Das passt zur Selbstdarstellung der Bewegung für Sebastian Kurz als parteifernes Bürgeranliegen. Es kontrastiert aber mit der Aussage von Vorarlbergs Landeshauptmann Markus Wallner, dass aus Spenden allein wohl nicht der ganze Wahlkampf finanziert werden kann. Wobei man sich fragt, wie die Parteikasse überhaupt für den Wahlkampf gefüllt ist.

Schwammiges Gesetz

Die bestehenden gesetzlichen Transparenzverpflichtungen ermöglichen nur einen sehr eingeschränkten Einblick in die tatsächlichen finanziellen Verhältnisse der Parteien. Die genaue Vermögenssituation beziehungsweise die Höhe der Verbindlichkeiten lässt sich aus den Rechenschaftsberichten nicht ablesen.

Für das Jahr 2016 liegen überhaupt noch keine Berichte vor. Veröffentlicht wurde von der Bundes-ÖVP für 2015, wie viel für Kreditrückzahlungen ausgegeben wurde (1,84 Millionen) und wie viel an neuen Krediten aufgenommen wurde (null Euro). Aus allen Berichten seit 2006 lässt sich aber zumindest annäherungsweise ein Bild der ÖVP-Finanzen ableiten, wie der Parteienfinanzierungsexperte Hubert Sickinger im STANDARD-Gespräch sagt. Rund um 2006/2007 sei die ÖVP mehr oder weniger schuldenfrei gewesen, ebenso wieder im Jahr 2013.

Schuldenberg wächst

Danach stieg der Schuldenberg wieder kräftig. Sickingers Berechnungen zufolge kam die ÖVP Ende 2015 in etwa auf Verbindlichkeiten in Höhe von 5,8 bis sechs Millionen Euro. Im Vorjahr dürften diese dann noch einmal kräftig gestiegen sein – wurden doch von der Partei 4,3 Millionen Euro für den Präsidentschaftswahlkampf von Andreas Khol ausgegeben.

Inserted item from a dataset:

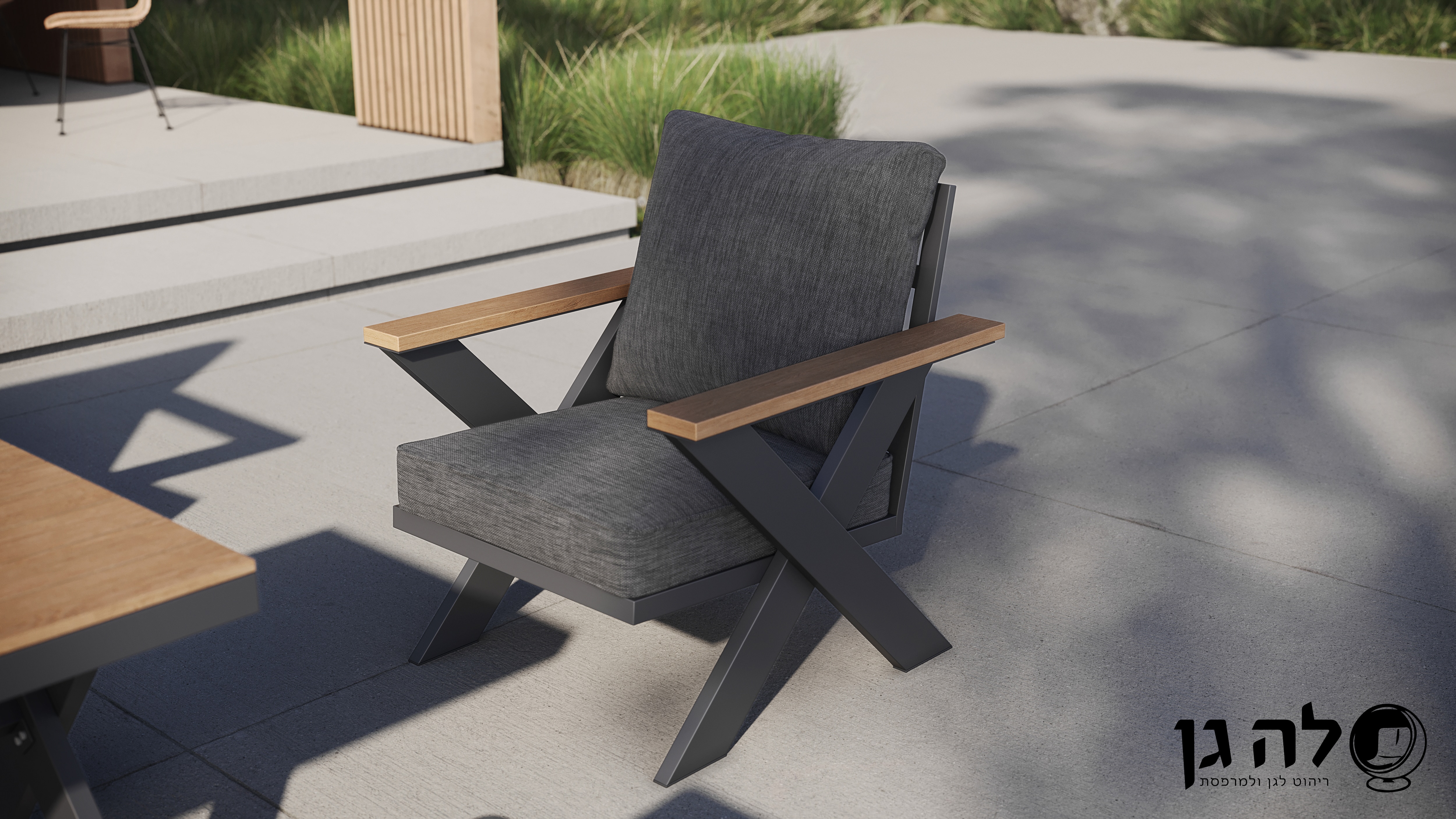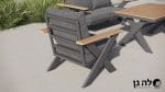 הידיות ופלטת השולחן מעוצבות מחומר דמוי עץ, המעניקות לפינה מראה טבעי וחם המשתלב בכל חלל חוץ.

Für den Politikwissenschafter ist somit klar, dass ÖVP-Chef Kurz auf Spenden angewiesen sein wird, wenn er einen aufwendigen Wahlkampf finanzieren will. Die Kleinspenden auf der Website werden, wie die ÖVP am Montag versicherte, analog "wie zuletzt von Bundespräsident Van der Bellen" transparent gemacht, wenn der Spender dies nicht ausschließlich untersagt.

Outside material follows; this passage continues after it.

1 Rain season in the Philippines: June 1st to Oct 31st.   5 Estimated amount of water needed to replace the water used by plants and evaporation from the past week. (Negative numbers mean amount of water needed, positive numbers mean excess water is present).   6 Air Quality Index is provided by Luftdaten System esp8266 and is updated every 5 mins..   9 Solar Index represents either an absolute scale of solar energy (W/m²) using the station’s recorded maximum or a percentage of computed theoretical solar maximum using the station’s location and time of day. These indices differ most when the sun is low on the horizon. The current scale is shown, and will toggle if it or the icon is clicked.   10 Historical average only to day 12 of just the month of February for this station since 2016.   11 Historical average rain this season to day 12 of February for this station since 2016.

Noch keine Spenden über 50.000 Euro

Großspenden über 50.000 Euro müssen seit Beschluss des Transparenzpakets im Jahr 2012 jedenfalls beim Rechnungshof gemeldet werden. Bis jetzt erfolgte von der ÖVP allerdings keine Meldung. Was ist das nun, wenn jemand Geld an einen außerhalb der ÖVP gegründeten Verein spendet? Laut Sickinger müsste auch das gemeldet werden, da es sich um eine Sachspende handeln würde. Für ihn wird der Wahlkampf 2017 auch ein "Härtetest" für das Parteiengesetz.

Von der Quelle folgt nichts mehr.